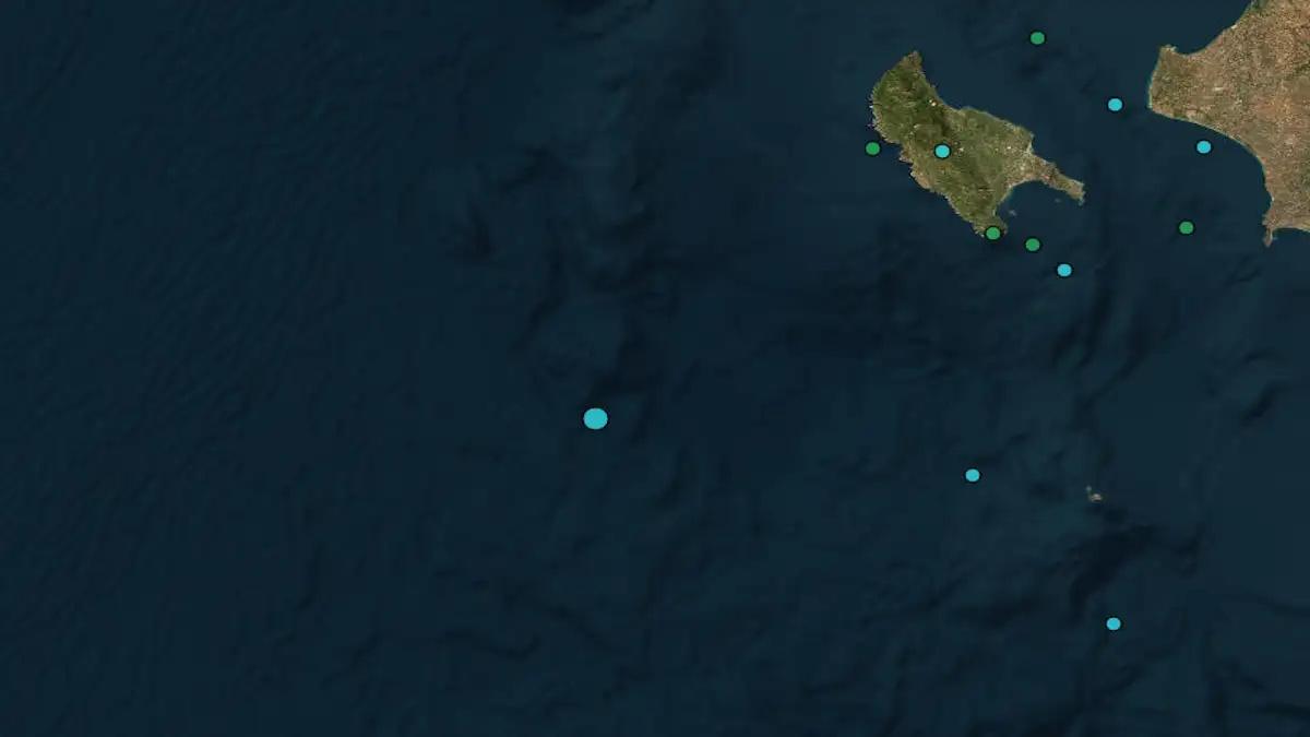 Ο σεισμός που έγινε ανοιχτά από τη Ζάκυνθο καταγράφηκε στις 3:34 μ.μ. της Πέμπτης.
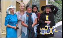 | Goodwood Ladies in their 'Revival' outfits prepare to start the day While the Saturday weather was not the best, our spouses did their best to brighten things up. Five couples, from Bellingham and members of our car group came together for this event and we had great fun in the process. The complete Goodwood photo albums can be found here (Remember to scroll down to the bottom right of the page to find the sub-albums). My Goodwood 2005 page can be found here. | ![]() |
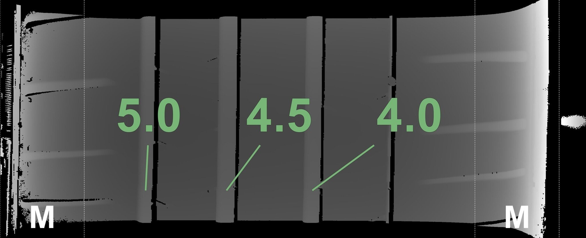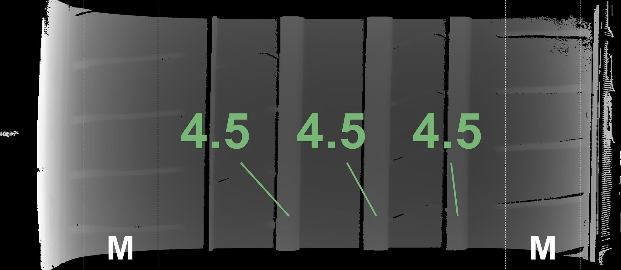 De gemeten profieldieptes en de details van de velgen zijn hierboven weergegeven.
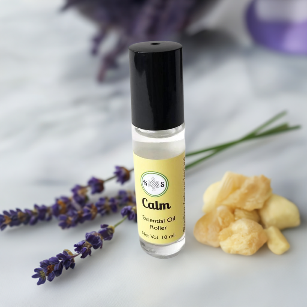 Calm was blended with a mix of Lavender, Orange, Cedarwood, and Frankincense to help you relax and focus your energy.
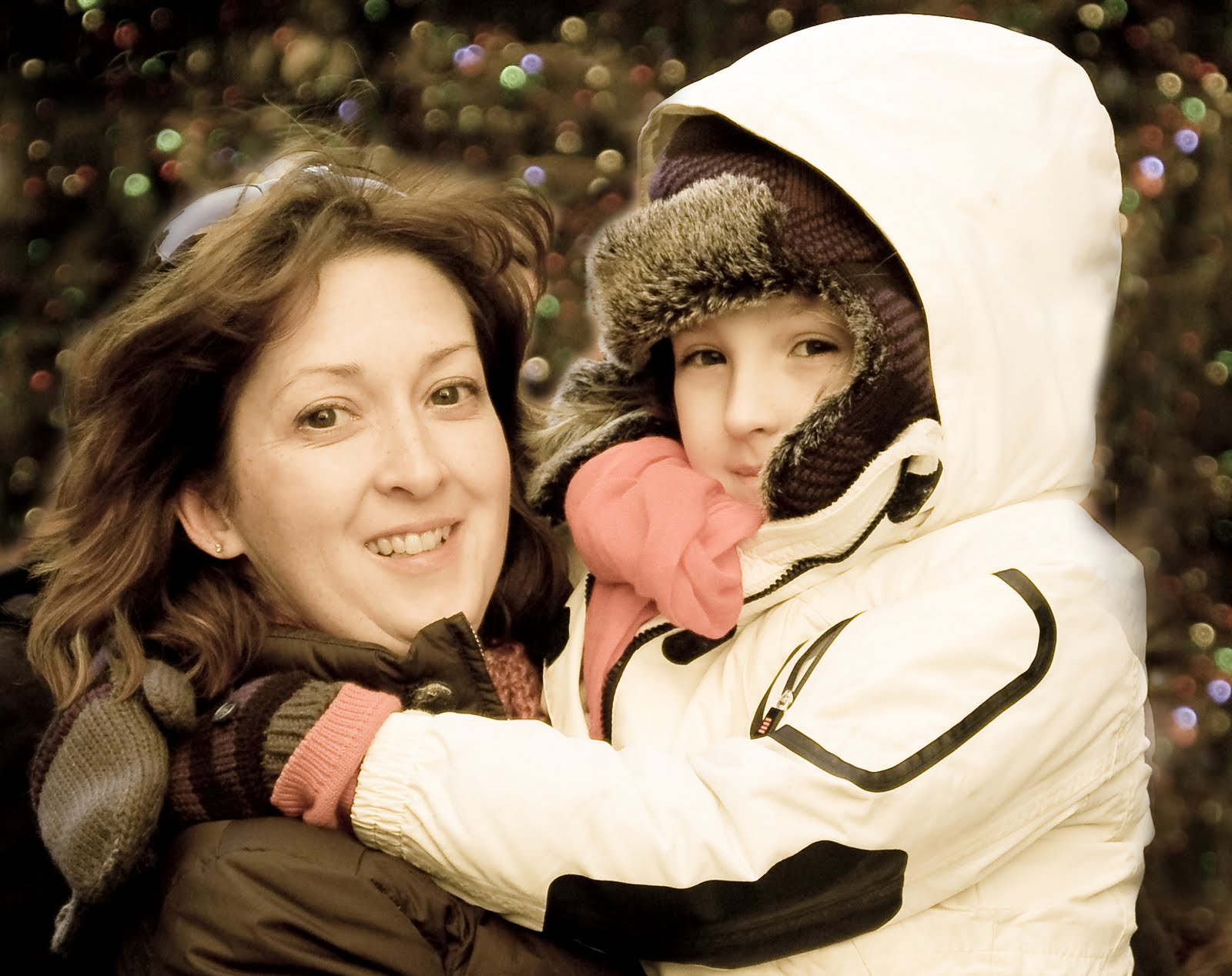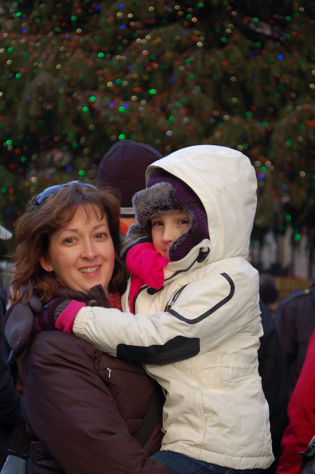 Stacey and Sullivan in front of the Rockefeller Center tree. (I did a little photoshop magic on this picture. The original image is below and you can see I \”erased\” some people in the background π

================

WHAT TO PRODUCE:
Repeat exactly the lines in the entries from the one containing "found here. | ![]() |" to the final line, inclusive, and nothing beyond them; skip pictures.

ANSWER TO THE PROBLEM:
 | Goodwood Ladies in their 'Revival' outfits prepare to start the day While the Saturday weather was not the best, our spouses did their best to brighten things up. Five couples, from Bellingham and members of our car group came together for this event and we had great fun in the process. The complete Goodwood photo albums can be found here (Remember to scroll down to the bottom right of the page to find the sub-albums). My Goodwood 2005 page can be found here. | ![]() |
 De gemeten profieldieptes en de details van de velgen zijn hierboven weergegeven.
 Calm was blended with a mix of Lavender, Orange, Cedarwood, and Frankincense to help you relax and focus your energy.
 Stacey and Sullivan in front of the Rockefeller Center tree. (I did a little photoshop magic on this picture. The original image is below and you can see I \”erased\” some people in the background π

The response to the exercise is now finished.